20292
A Large-Scale Analyses of ASD Cases Using Electronic Medical Records
Objectives: Our objectives were as follows:
a) to develop a method of identifying ASD cases by combining past approaches of querying ICD codes with natural language processing of the clinical notes to provide a more accurate assessment of case status; and
b) to investigate demographic and socio-economic factors influencing the age of first ASD diagnosis and follow-up.
c) to follow the temporal evolution of diagnosis ("diagnostic shift") as extracted by the above methods.
Methods: We queried the EPIC hosted EMR of Cincinnati Children’s Hospital Medical Center (CCHMC) to identify all patients with a diagnosis of ASD. We included all patients with a 299.* ICD9 code anywhere in their EMR from 2009-2014 that was recorded by CCHMC's Division of Developmental Disabilities and Behavioral Pediatrics (DDBP). DDBP houses a specialized ASD diagnosis and treatment center and has a rigorous and uniform ASD assessment pipeline. We used several natural language processing (NLP) systems to confirm (or disprove) the ASD diagnosis in the clinical narrative, including the Apache clinical Text Analysis and Knowledge Extraction System (cTAKES), yTEX, and MetaMap. We compared the accuracy of selecting cases by ICD9 code versus NLP diagnosis extraction by comparing each to a manual review of the clinical notes. We also traced the temporal sequence of diagnoses for a given patient over multiple DDBP encounters. Finally, we correlated our findings with the patients' demographic and socio-economic status. Data will additionally be combined with hospital –based controls, including those with developmental disabilities and neurotypical to facilitate multivariate analyses.

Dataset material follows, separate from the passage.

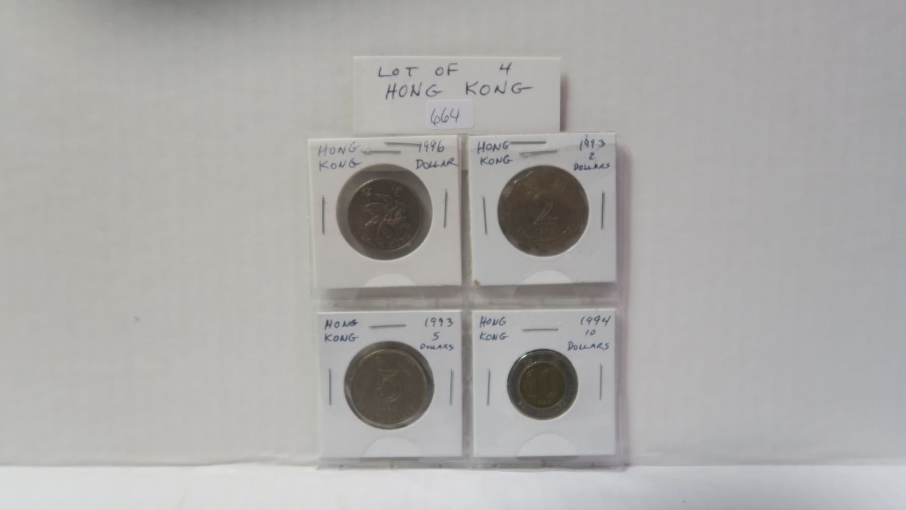 Lot of 4 Hong Kong Coins. Includes 1996 Dollar, 1993 $2, 1993 $5 & 1994 $10.

Results: We considered a sample of 3,878 total ASD cases through selection by ICD9 code and confirmation with NLP. The sample consisted of 3,159 male and 719 female (~ 4:1 ratio) children between the ages of 2 and 18. The racial composition was: 78.3% white, 10.6% black, 5.7% other, 2.3 % two or more races, 1.6% Asian, 1.2% unknown, 0.23 % Native Hawaiian or Indian/Alaska Native. A subsample of n=100 observations were validated by comparing ICD9 codes and NLP diagnosis extraction to a manual review of the clinical notes. As shown in Fig. 1, we see an indication of a discrepancy between the numbers of African American children in our cohort vs. the expected number of African American children based on U.S. Census data. Certain geographical areas appear to be particularly affected.
Conclusions: Preliminary results suggest a slight racial bias with a lower representation of African American children for some, but not all geographic areas. Further multivariate analyses will control for age, IQ, gender and additional socioeconomic factors; we will additionally evaluate diagnostic trends over time.